Fuck You, Post Natal Depression

Post Natal Depression can eat a dick. 

It’s a vulture, sneaking up on us when we least expect it. At a time where we “should” be happy, content and head over heels in love. 

And maybe that’s our problem right there. As new mums we are smothered in “shoulds.” I should be breastfeeding. I should be deliriously happy. I should adore tending to every waking need of my new squarking poop-machine...  

The amount of times people asked me, “Are you just loving being a Mum!?” Their expectant, happy faces waiting for me to gush about my new role as Mum but as well-meaning as they were, it killed me because the honest answer was no. 

In hindsight I was simply overwhelmed. I had a new baby, we were working to set up My Brother John, I lost my cousin to cancer, had a serious back injury and I was experiencing some challenging family situations. My tank was well and truly empty. I was also experiencing a sort of loss for my previous identity. For me, I have always been a career girl. A workaholic for sure. Now I just wasn’t able to do what I used to - work all day and come home only to work at night. Ain’t no way, no how! I really struggled with that and resisted losing a part of my identity. I know now that I simply needed to allow myself time to adjust and find my new identity, as motherhood had pushed me to evolve.

Looking back, that really was the crux of my PND experience. But when I was in the midst of the fog it felt all consuming and I didn’t know which direction was “out”. I know I’m not alone in that.

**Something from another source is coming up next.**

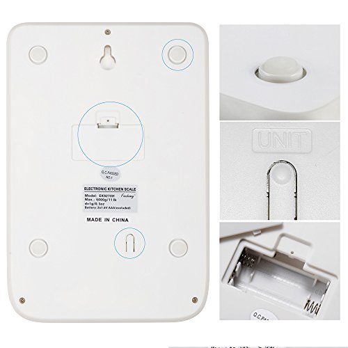 - 4 high precision sensors deliver accurate result. 1g / 0.1oz division, 5kg / 11lb. Could be used for cooking, baking, diet plan checking. Also could be used in office for postage.

If you’re feeling depleted and challenged after baby, know that you’re not alone either! Try to be gentle with yourself as you navigate your new life as mummy (or mama of 2/3/4/more!). Seek help from your doctor and don’t be afraid to take the meds! It doesn’t make you any less of a woman. In fact, it shows strength that you recognized a problem and sought a solution. That is something to be applauded! 

Let’s remember to be kind and support new mums around us and stop the judgment of both others and ourselves. Let’s say “fuck you” to “should” and “eat a dick” to PND.